Sun May 5, 2013, 05:58 PM
May 2013

as a sociological problem, not a political one.

Translated to politics, it would inevitably mean putting some brakes on capitalism. That doesn't necessarily result in a cost-benefit tradeoff, however. If take-home salaries are reduced by higher taxes, for instance, that "austerity" would be counteracted by a new transportation system, or paying down a deficit.

 

GliderGuider

(21,088 posts)
7. It's a good beginning. Now lets see a few rogues champion degrowth.
Sun May 5, 2013, 08:07 PM
May 2013

What's that you say? Not in this lifetime? They're just anarcho-primitivist scum, TK wannabees?

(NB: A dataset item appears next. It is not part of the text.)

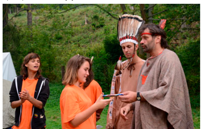
Dětem projekt nabídl desítky akcí.

Well, you know what they say, "Nature Bats Last."

Iterate

(3,020 posts)
8. I was suprised enough by seeing it mentioned in a major paper,
Mon May 6, 2013, 11:16 AM
May 2013

and maybe more surprised that it wasn't slammed to the ground by editors and German politicians. Cut consumption? The Burger King is not amused.

I think I'll make a map of the borderlands for arguments over solutions, from "tweak around the edges" to "you've got to be shitting me". This is a bit north of "saving string", and not as far east as "a bloody revolution running down the peddlers of debt-driven growth". It might be too late, but I'll live there for a while.